As you may have noticed the Chinese stock market has been going haywire lately, causing stocks in the U.S. and around the world to gyrate wildly. Why did the Chinese market go up so much and then go way down? Why is it affecting the market here? How much damage could Chinese turbulence cause to the U.S. And where do Chinese stocks go from here?
Much of the turmoil is actually the result of the Chinese making huge changes in their economic policy and financial regulations.
“The Chinese government is trying to undertake a great number of reforms at once,” says Bob Hormats, a former Goldman Sachs (international) vice-chairman and a one-time Under Secretary of State for Economic, Business, and Agricultural Affairs. “They want market forces to have an bigger role (in) driving their economy and in that process there’s bound to be some big bumps in the road.” By big bump Hormats is referring to the recent wave of selling in Chinese stocks highlighted by an 8.5% plunge this past Monday. The Chinese government has tried to stop the slide by buying stock in Chinese companies and by limiting the sales of shares. Perhaps that plan worked, perhaps not. In any event the Chinese market has stabilized by midweek. But traders fear that more selling is in the offing and that government action could prove to be ineffective. On the other hand, maybe Chinese stocks are due for a run up. Did I mention that before the selloff, Chinese stocks had been on an absolute tear?

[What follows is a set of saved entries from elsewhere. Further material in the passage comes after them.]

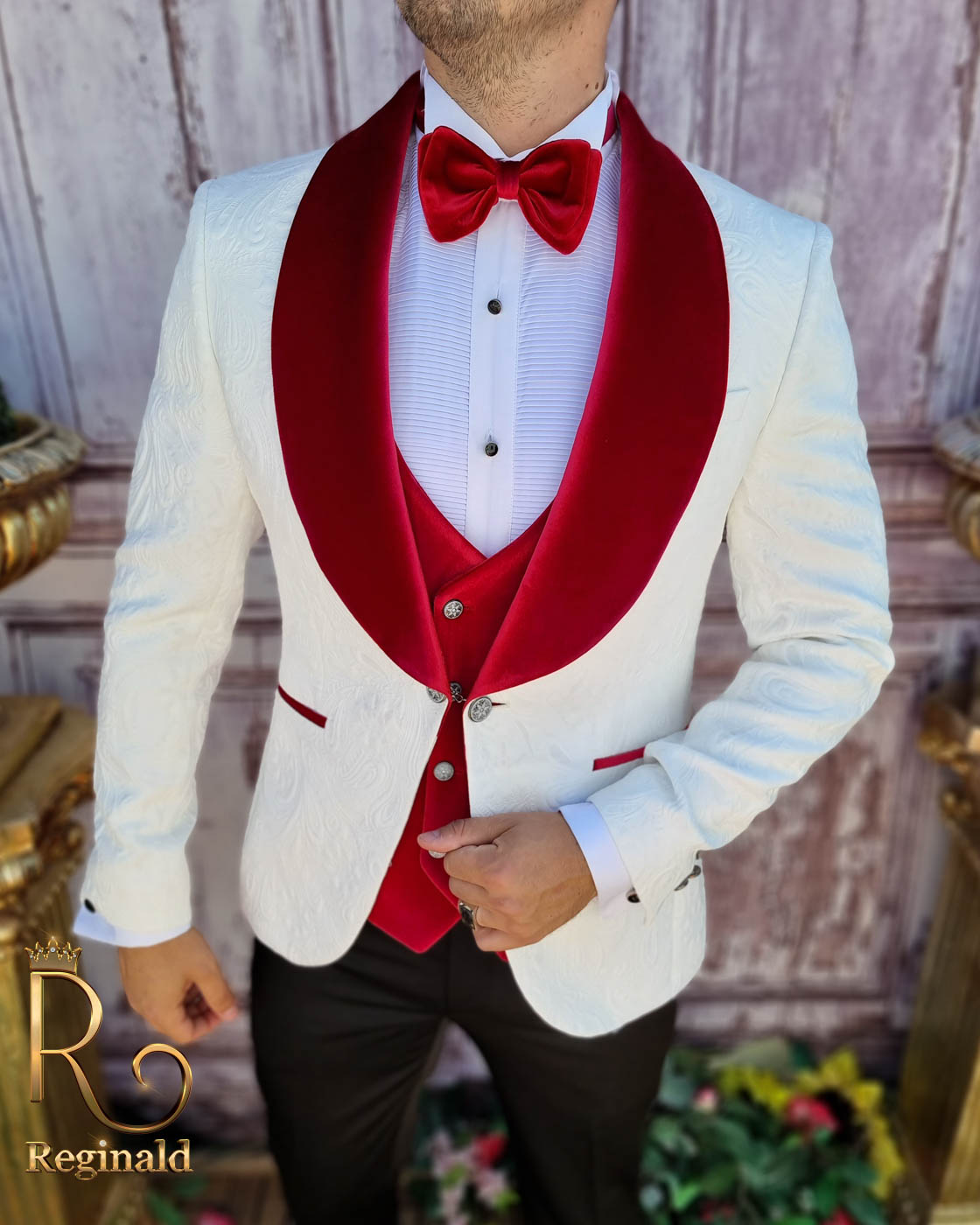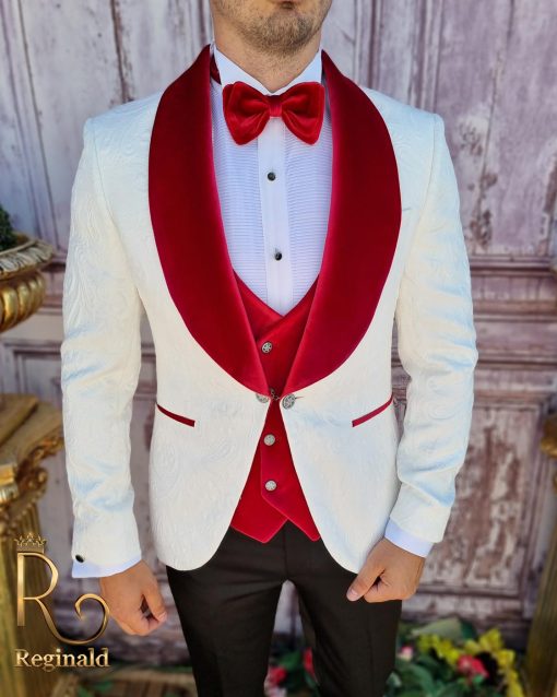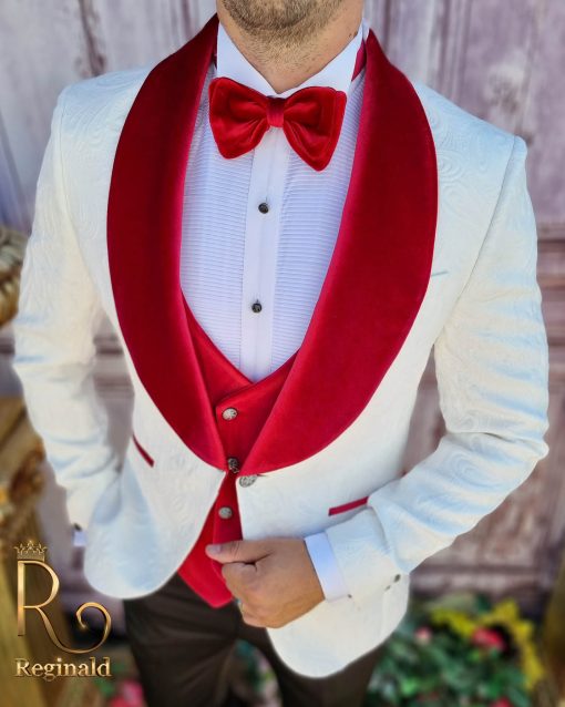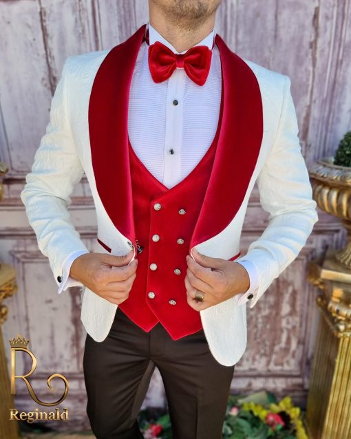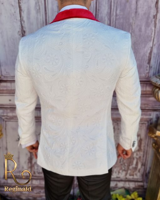 Sacoul este brodat in relief, cu rever din catifea, identic cu vesta
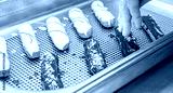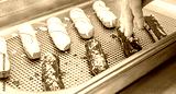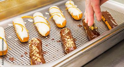 Pastry eclairs decorated with black and white chocolate and orange rind
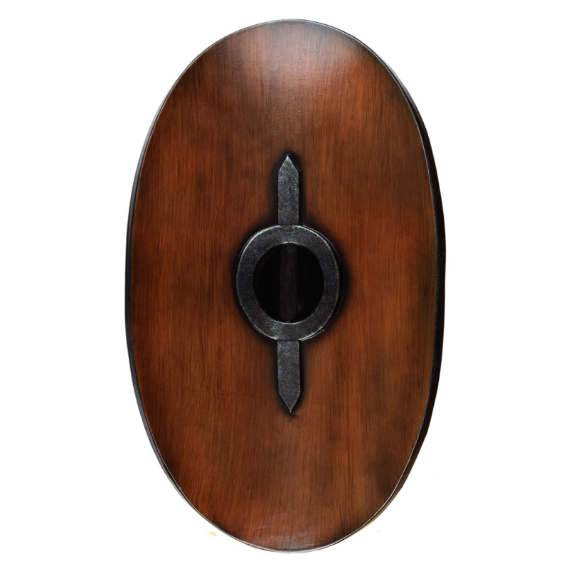 Um escudo oval, a forma inicial do típico escudo das legiões romanas. A empunhadura montada no centro facilita o manuseio do escudo e garante ao portador uma boa chance de lutar contra os ataques do inimigo.

To understand how the Chinese market came to this place, here’s some context: First, when you hear commentators talk about the Chinese stock market, they usually mean the Shanghai Stock Exchange, now one of the world’s biggest—ranked by the total value of the companies on each exchange. (China has two other exchanges, the older Hong Kong Exchange and the smaller Shenzhen Exchange, but let’s stick with the Shanghai because that’s where the action has been.) The Chinese government founded the Shanghai Exchange in 1990 as part of that overall strategy of opening up its financial markets. Over the years the exchange has had a number of crazy spikes and huge drops, not surprising for a burgeoning market. But now China is the second biggest economy in the world and so when it’s stock market goes crazy, there are global implications.
The Chinese government had several objectives when it created the exchange; it wanted to give ordinary Chinese citizens a homegrown place to put their money other than banks or real estate and it wanted to provide Chinese companies with a source of funding other than banks. But the government wanted to control the exchange, so it limited the amount that foreigners could invest and the amount of money investors could borrow to purchase stock. The plan was to loosen those regulations gradually to make the market more open. And in fact the Chinese did slowly loosen the reins, but more recently they accelerated the process, which is when the trouble came in.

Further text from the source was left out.